§ Exercise
If a line in the data has the string "порушеннями", please show it.
■ ■ ■ ■ ■
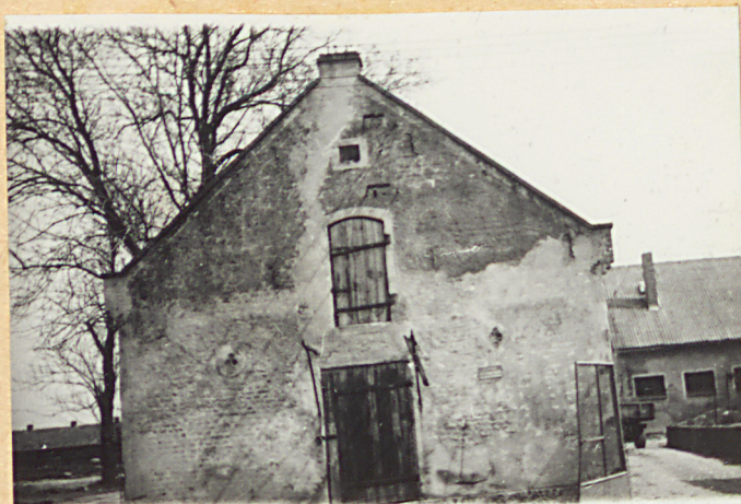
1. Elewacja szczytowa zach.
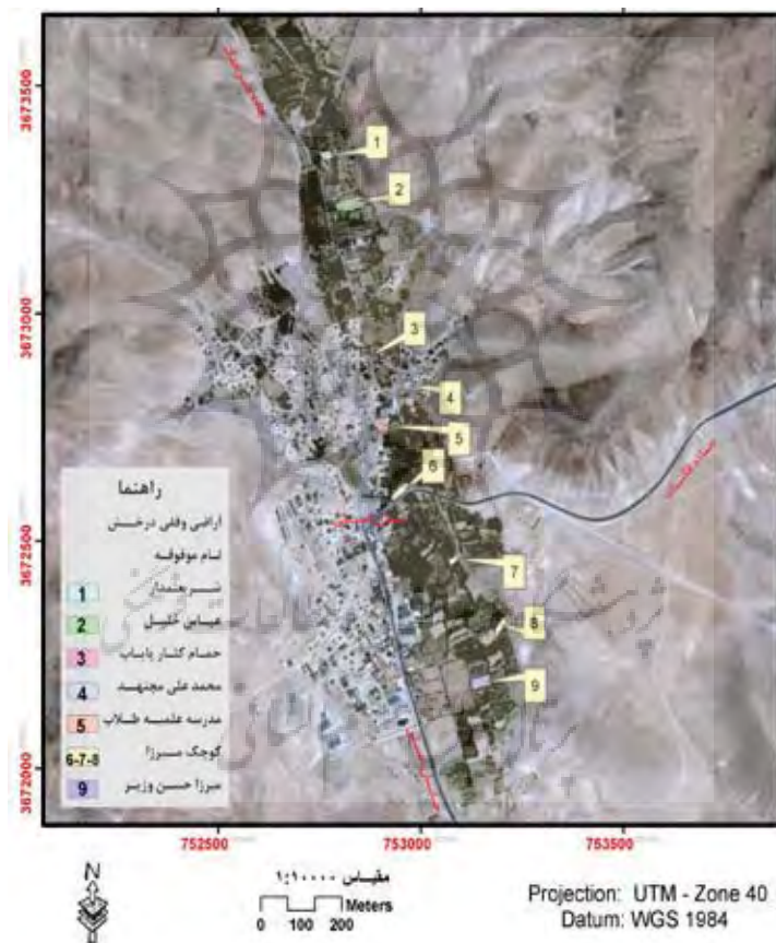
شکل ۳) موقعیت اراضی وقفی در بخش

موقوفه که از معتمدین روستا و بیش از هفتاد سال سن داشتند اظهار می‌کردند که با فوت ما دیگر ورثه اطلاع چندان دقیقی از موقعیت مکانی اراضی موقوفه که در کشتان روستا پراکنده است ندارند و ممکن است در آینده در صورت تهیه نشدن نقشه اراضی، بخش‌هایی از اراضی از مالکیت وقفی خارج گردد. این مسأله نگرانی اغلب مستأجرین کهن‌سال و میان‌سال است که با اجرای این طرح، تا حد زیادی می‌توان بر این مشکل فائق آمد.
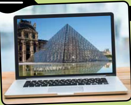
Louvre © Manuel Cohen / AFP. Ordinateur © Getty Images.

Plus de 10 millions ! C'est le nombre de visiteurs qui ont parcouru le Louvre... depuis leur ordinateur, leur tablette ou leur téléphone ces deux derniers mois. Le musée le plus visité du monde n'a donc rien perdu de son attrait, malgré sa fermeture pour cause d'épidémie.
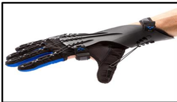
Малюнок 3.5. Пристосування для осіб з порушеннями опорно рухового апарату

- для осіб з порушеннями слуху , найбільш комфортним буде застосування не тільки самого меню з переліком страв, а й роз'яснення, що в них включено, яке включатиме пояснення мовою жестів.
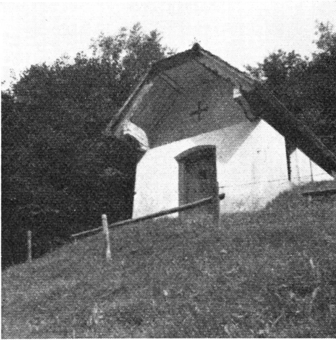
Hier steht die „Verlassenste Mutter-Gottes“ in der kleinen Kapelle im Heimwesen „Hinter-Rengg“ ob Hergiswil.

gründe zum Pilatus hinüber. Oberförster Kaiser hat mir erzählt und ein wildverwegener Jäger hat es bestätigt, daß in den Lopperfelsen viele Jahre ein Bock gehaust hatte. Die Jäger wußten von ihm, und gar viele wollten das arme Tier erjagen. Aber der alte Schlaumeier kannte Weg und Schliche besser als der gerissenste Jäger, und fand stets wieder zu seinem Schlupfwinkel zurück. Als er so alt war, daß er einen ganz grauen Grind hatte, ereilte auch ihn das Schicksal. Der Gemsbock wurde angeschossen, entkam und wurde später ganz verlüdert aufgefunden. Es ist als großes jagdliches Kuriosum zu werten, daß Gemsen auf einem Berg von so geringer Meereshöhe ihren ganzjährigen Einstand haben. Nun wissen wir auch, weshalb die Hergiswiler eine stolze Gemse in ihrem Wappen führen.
■ ■ ■ ■ ■
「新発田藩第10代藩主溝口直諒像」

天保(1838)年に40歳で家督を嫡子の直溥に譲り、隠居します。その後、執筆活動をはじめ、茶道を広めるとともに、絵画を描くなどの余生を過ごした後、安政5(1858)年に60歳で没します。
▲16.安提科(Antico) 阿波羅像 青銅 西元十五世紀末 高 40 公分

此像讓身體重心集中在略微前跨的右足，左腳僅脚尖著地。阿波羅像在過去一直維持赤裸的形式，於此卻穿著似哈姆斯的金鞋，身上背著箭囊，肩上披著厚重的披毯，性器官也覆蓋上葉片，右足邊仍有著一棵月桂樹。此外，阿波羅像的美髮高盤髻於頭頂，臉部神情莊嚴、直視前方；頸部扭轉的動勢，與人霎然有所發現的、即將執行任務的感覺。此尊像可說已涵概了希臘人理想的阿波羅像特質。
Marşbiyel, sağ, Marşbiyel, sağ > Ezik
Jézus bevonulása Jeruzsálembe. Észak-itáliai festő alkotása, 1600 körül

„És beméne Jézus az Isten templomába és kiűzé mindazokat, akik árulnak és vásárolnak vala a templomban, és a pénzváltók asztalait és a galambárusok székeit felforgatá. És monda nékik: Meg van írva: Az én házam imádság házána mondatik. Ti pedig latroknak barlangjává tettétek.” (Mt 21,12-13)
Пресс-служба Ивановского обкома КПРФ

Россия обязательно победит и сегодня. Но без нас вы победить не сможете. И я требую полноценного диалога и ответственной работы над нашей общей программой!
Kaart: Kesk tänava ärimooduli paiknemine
■ ■ ■ ■ ■
§ Task solution
Малюнок 3.5. Пристосування для осіб з порушеннями опорно рухового апарату
- для осіб з порушеннями слуху , найбільш комфортним буде застосування не тільки самого меню з переліком страв, а й роз'яснення, що в них включено, яке включатиме пояснення мовою жестів.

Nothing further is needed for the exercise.